Yeah i agree why you has a Vm with 32 cpu's?

k1pp3r said:
Somebody has major CPU contention

Maybe not. Wait time doesn't = cpu contention. Halo is correct the wait and idle time is nearly identical which would likely mean the Vm isn't doing anything.

QHalo said:
That's some funny shit right there. 71% RDY is the more important stat on the maximum, and basically 20% ready the rest of the time. The Wait time and the Idle time are pretty close which if I understand correctly, means the VM is doing nothing. Wait% - Idle% = the time the VM is waiting on the VMKernel. It's still busting NUMA nodes and the CO-STOP has to be astronomical.

Where our you getting 71% ready times from?

k1pp3r · Dec 12, 2013

cuukie said:
Maybe not. Wait time doesn't = cpu contention. Halo is correct the wait and idle time is nearly identical which would likely mean the Vm isn't doing anything.

40k ms indicates cpu contention, especially for a single VM. If you talking about an 8 proc host then that's different.

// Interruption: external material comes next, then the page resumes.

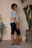 Understated and elegant, this tee is designed to go with everything. Featuring a soft round neckline, front pocket and elbow length sleeves with a subtle gathered detail.

But a single VM with 40k ms ready time is insane.

I would like to see what ops manager says the ready % is.

QHalo · Dec 12, 2013

cuukie said:
Yeah i agree why you has a Vm with 32 cpu's?

Maybe not. Wait time doesn't = cpu contention. Halo is correct the wait and idle time is nearly identical which would likely mean the Vm isn't doing anything.

Where our you getting 71% ready times from?

http://kb.vmware.com/selfservice/mi...nguage=en_US&cmd=displayKC&externalId=2002181

Real time = CPU Summation value / 200 = % Ready
In this case of maximum = 14207 / 200 = 71% Ready
In this case of average = 3977 / 200 = 19% Ready

CSTP% will show the SMP contention. That's what you need to look at. I believe the ESXTOP with the -m option will show the NUMA issue. %WAIT and %IDLE are nearly identical. The VM is doing nothing or very little. The high Ready times are a bi-product of overuse of vCPUs.

QHalo · Dec 12, 2013

k1pp3r said:
40k ms indicates cpu contention, especially for a single VM. If you talking about an 8 proc host then that's different. But a single VM with 40k ms ready time is insane.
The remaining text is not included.